Now even after rechecking and cleaning the plugs and springs..on my test run last night I noticed the same issue coming up hill a few misfire type hesitations, the stabile track warning came up with a blinking check engine, as I leveled off the hill the check engine went away, but the stabile track turned to check traction control and stayed in the screen. then getting back to my garage I shut off engine and the warning was gone, I ran a scan fro trouble codes but none had saved. 
I am still waiting for delivery of the new coil, in the mean time I will be checking the negative cable as well.


----------



## mitchd123 (Jul 27, 2015)

*@amandalynn did you ever find out what the problem was?

Same problem tonight. Driving down the highway and then no power and both traction control light and Stabilitrak service came on with the engine light. I pulled over and the engine was running really rough. I was glad it wasn't a transmission problem. I was about 100 miles from home and I was able to get it home, but no power whatsoever going up hills, engine was shaking. I could barely go 60mph with it floored. It seemed like a really bad vacuum leak. I will pull the engine codes tomorrow. I did notice the voltage was extremely low, (dropped to 13.1 volts) and then came back up to 14.5 after about 10 minutes of driving at night. I turned off all electrical except my headlights. My battery is very old, and I plan to check the cables as well. The car also had a burnt smell to it, like burnt rubber and tar. It's a 2014 LTZ with 64k miles. I replaced the valve cover at ~50k, and checked the PVC. I'm hoping the PVC isn't shot. For the past few weeks I'd occasionally get a thump when I accelerated. I couldn't figure out of the transmission/torque convertor were slipping, or if it was a bad engine mount, or something else. It wouldn't do it all the time. When I opened the hood, I did hear a hissing sound which makes me think vacuum leak or bad PVC, etc. *


----------



## Blasirl (Mar 31, 2015)

mitchd123 said:


> *@amandalynn did you ever find out what the problem was?
> 
> Same problem tonight. Driving down the highway and then no power and both traction control light and Stabilitrak service came on with the engine light. I pulled over and the engine was running really rough. I was glad it wasn't a transmission problem. I was about 100 miles from home and I was able to get it home, but no power whatsoever going up hills, engine was shaking. I could barely go 60mph with it floored. It seemed like a really bad vacuum leak. I will pull the engine codes tomorrow. I did notice the voltage was extremely low, (dropped to 13.1 volts) and then came back up to 14.5 after about 10 minutes of driving at night.

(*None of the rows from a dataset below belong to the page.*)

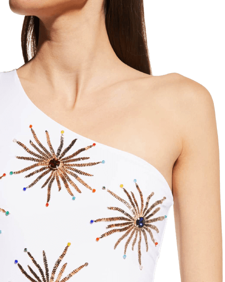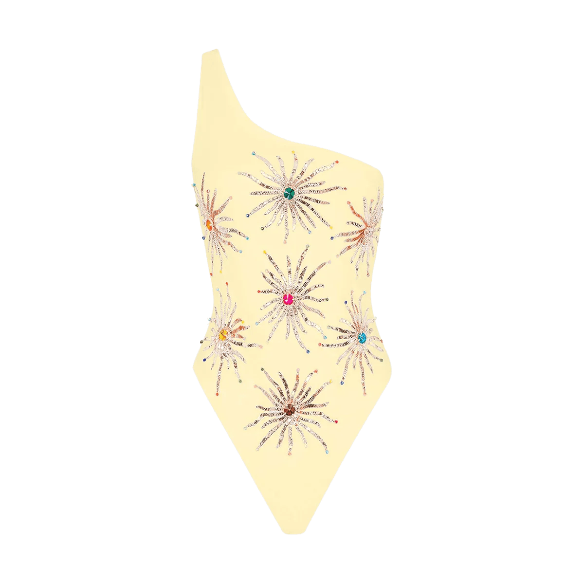 The CALLIE swimsuit is the ultimate statement swimsuit! Featuring hand embroidered gold bullion starbursts, finished with crystal elements. Layer with lots of gold jewellery and a floppy raffia hat to draw all of the attention poolside.
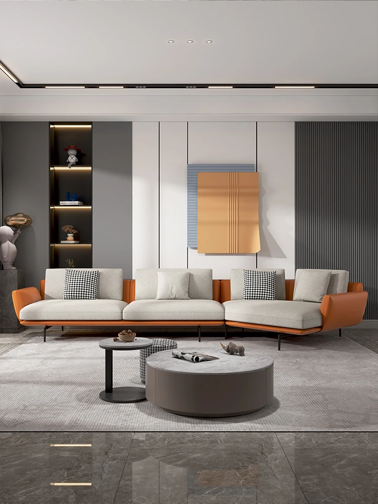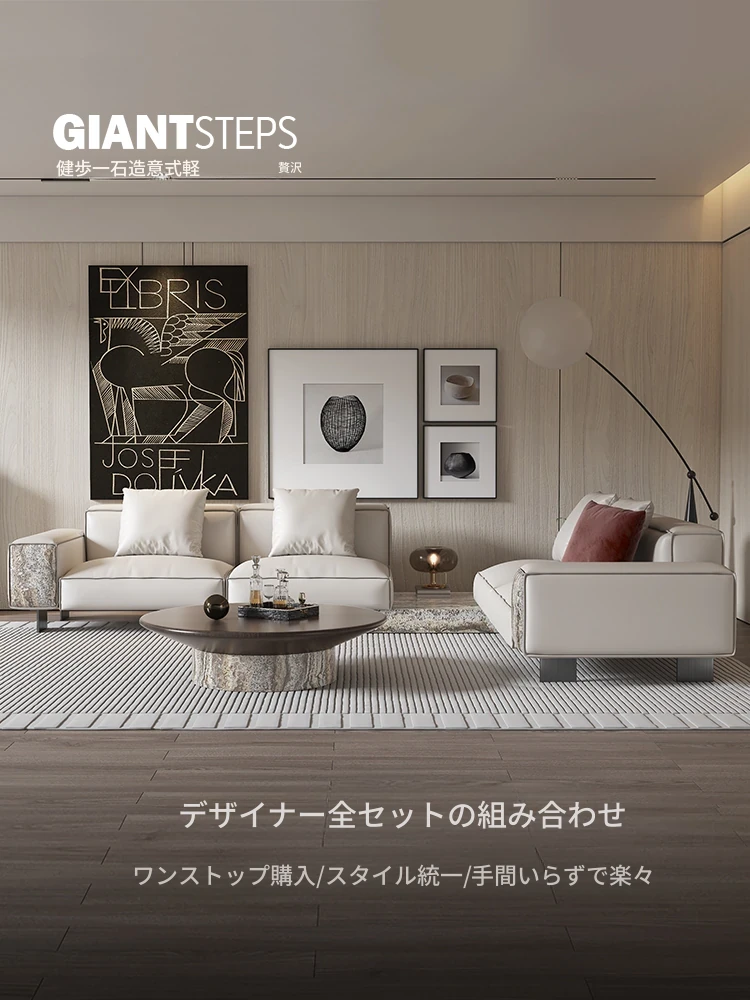 シンプルで洗練されたイタリア直輸入ブランドの軽奢華ソファ|本革製・モダンデザインのクリエイティブな家具で、あなたのリビングルームをスタイリッシュに演出します!
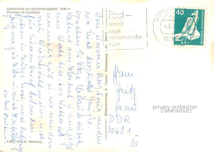 73705373 alte Postkarte Pfronten Ostallgaeu Bayern Ostlerhuette am Breitenberggipfel Allgaeuer Alpen postalisch gelaufen Fliegeraufnahme Erhaltung siehe scans [FriedD77] KatCode: 11110009777159
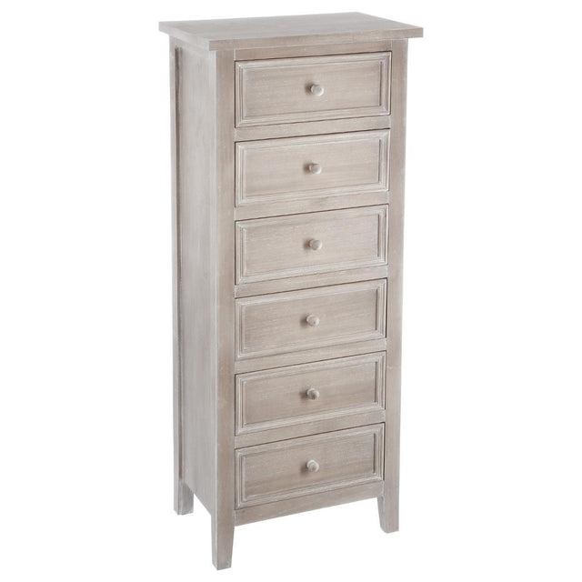 Моделът разполага с 6 удобни чекмеджета, осигуряващи достатъчно място за подреждане на дрехи, аксесоари или документи. Високата конструкция съчетава функционалност и естетика, позволявайки лесен достъп до съдържанието и ефективно съхранение без загрозяващ вид.
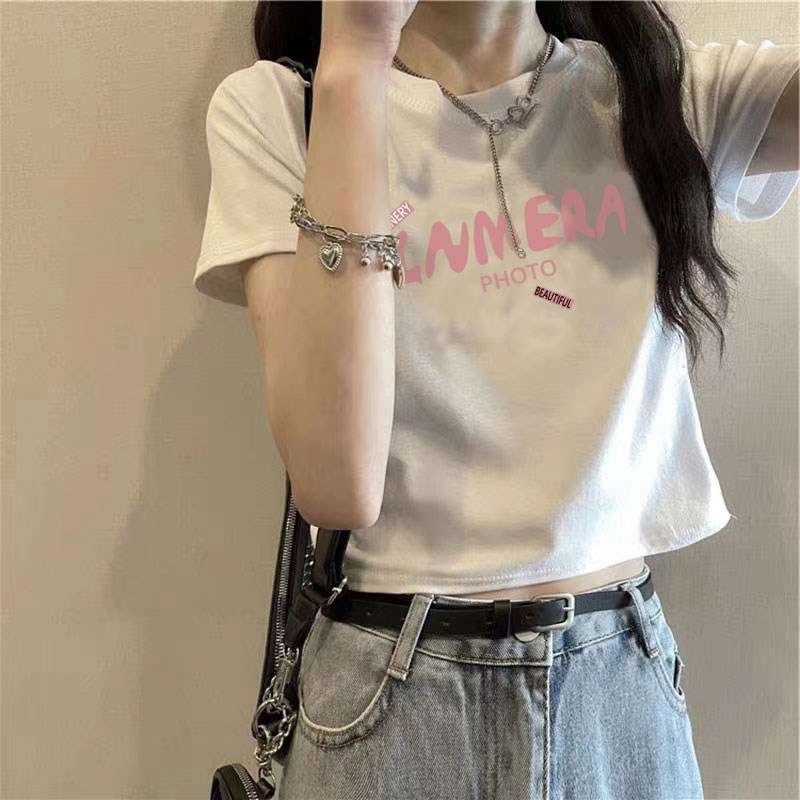 短袖美式高街白色纯棉字母T恤女夏季新款小个子修身正肩短款上衣
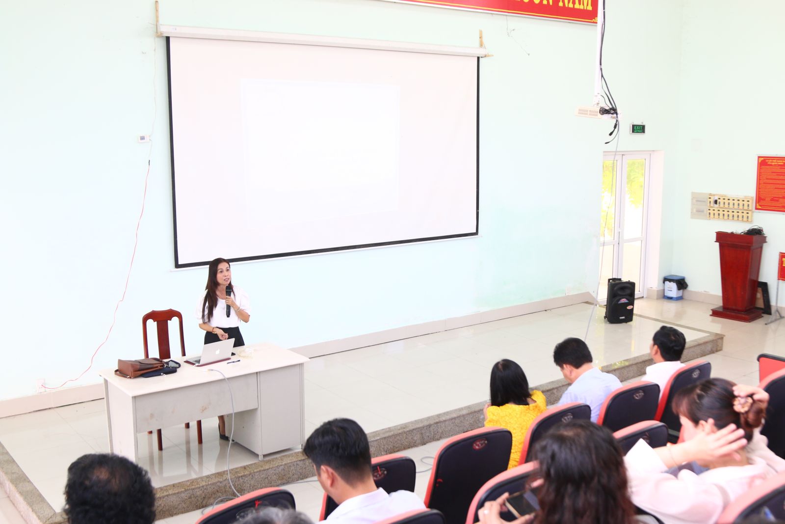 Buổi tập huấn do ThS. Lê Thị Kiều Diễm - Phó trưởng phụ trách Phòng Khảo thí và Đảm bảo chất lượng làm báo cáo viên, triển khai một số nội dung chuẩn bị phỏng vấn; phương pháp trả lời một số câu hỏi phỏng vấn theo từng nhóm đối tượng.
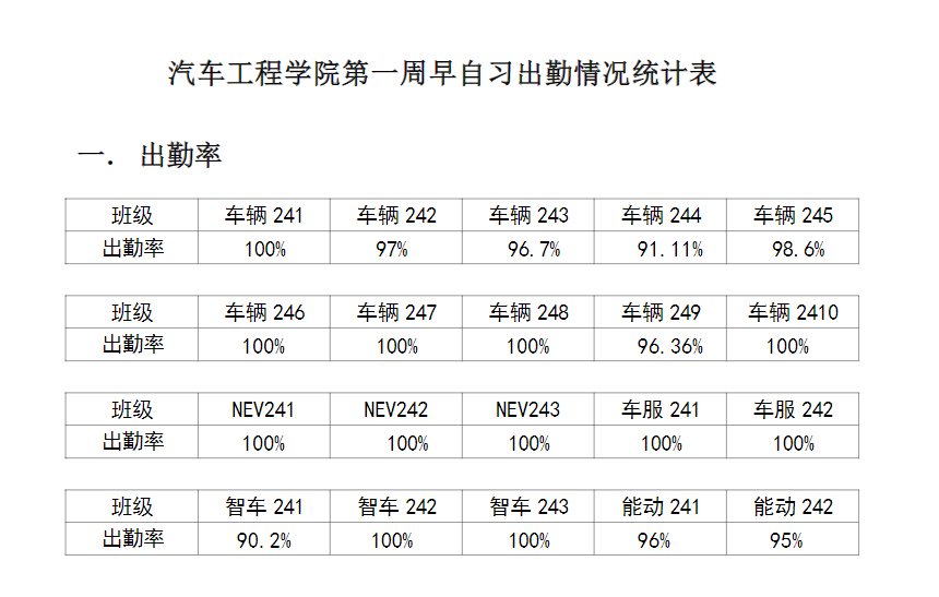 【督学正风】BB贝博艾弗森官网2024-2025学年第二学期第一周早自习出勤情况
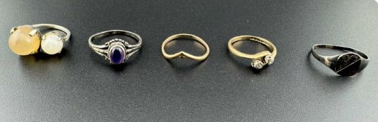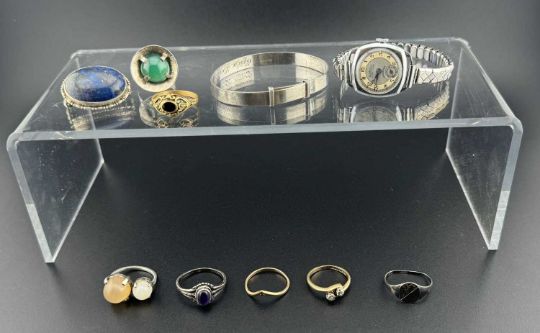 Jewellery: A 9ct gold two diamond crossover ring, a 9ct gold wishbone ring, combined weight 2.9g; a silver christening bangle, other silver jewellery and a ladies Rotary watch.
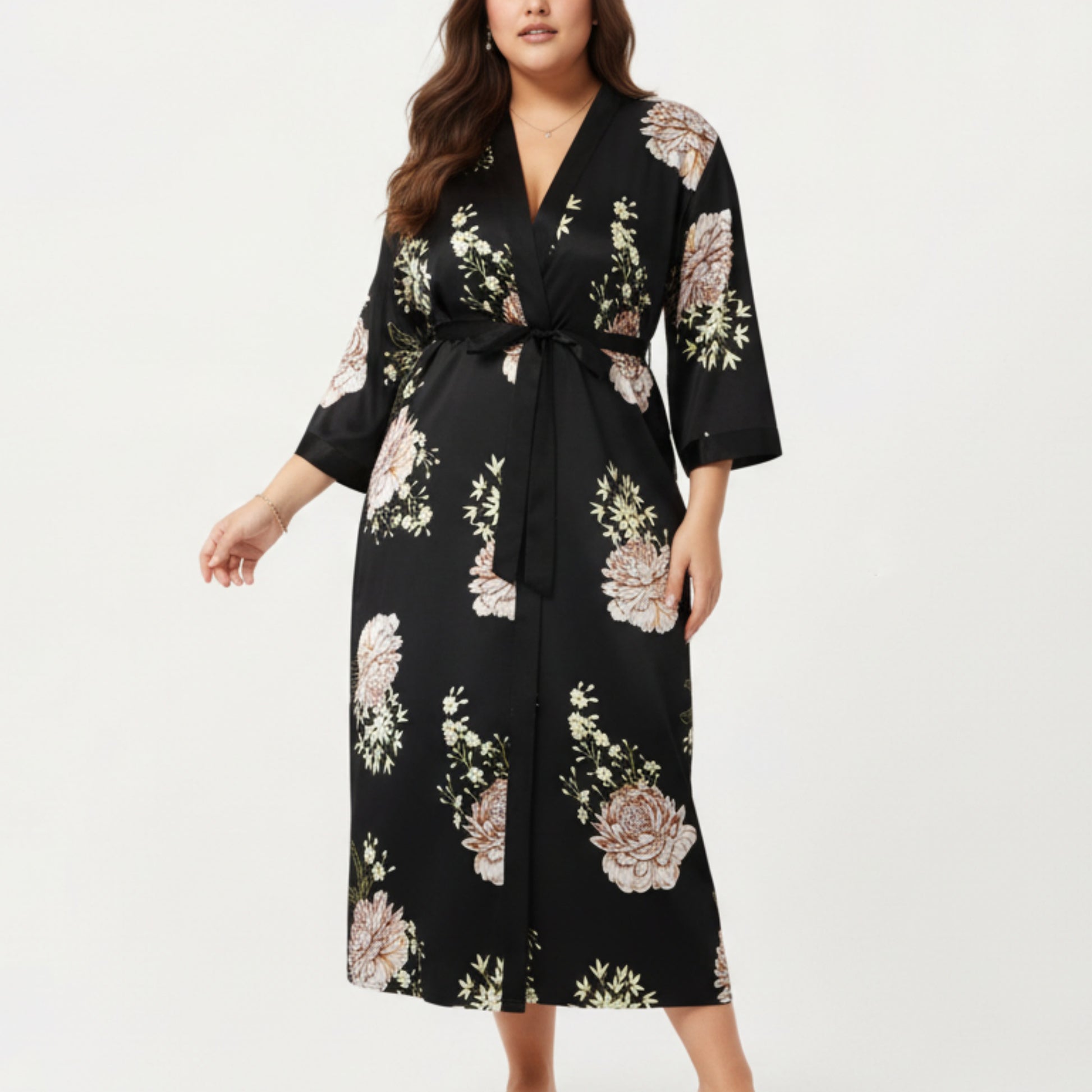 Anna-Kaci Lounge Women's PLus Size Floral Satin Long Robe with Contrast Trim, Wrap Front Silhouette and Waist Tie Belt
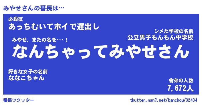 | 肩書あだ名 | 『みやせ社長』『みやせ総理大臣』 |
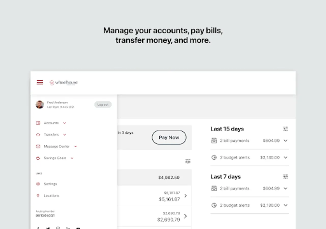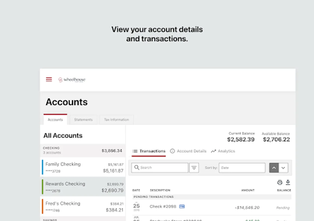 - Transfer funds between Wheelhouse accounts and your accounts elsewhere

I turned off all electrical except my headlights. My battery is very old, and I plan to check the cables as well. The car also had a burnt smell to it, like burnt rubber and tar. It's a 2014 LTZ with 64k miles. I replaced the valve cover at ~50k, and checked the PVC. I'm hoping the PVC isn't shot. For the past few weeks I'd occasionally get a thump when I accelerated. I couldn't figure out of the transmission/torque convertor were slipping, or if it was a bad engine mount, or something else. It wouldn't do it all the time. When I opened the hood, I did hear a hissing sound which makes me think vacuum leak or bad PVC, etc. *


2011-2016 Cruze 1.4 PCV Valve Cover/Intake Manifold Issues

2011-2016 Cruze 1.4L PCV System Explained

GM 1.4L Turbo Intake Manifold PCV Valve Fix Kits


----------



## mitchd123 (Jul 27, 2015)

For others who come across this problem of "*traction control light and Stabilitrak service" *lights on and loss of engine power, my problem turned out to be a bad coil pack. It was getting dark and I removed the engine cover with the motor running. Being slightly dark, I could see the coil pack arcing on the head. I replaced the coil pack, and the car runs great. The traction control light and Stabilitrak service have gone out. GM should be ashamed of turning these lights on. Horrible diagnostic and nothing to do with traction control or Stabilitrak service.


----------



## ChevyGuy (Dec 13, 2014)

mitchd123 said:


> The traction control light and Stabilitrak service have gone out. GM should be ashamed of turning these lights on. Horrible diagnostic and nothing to do with traction control or Stabilitrak service.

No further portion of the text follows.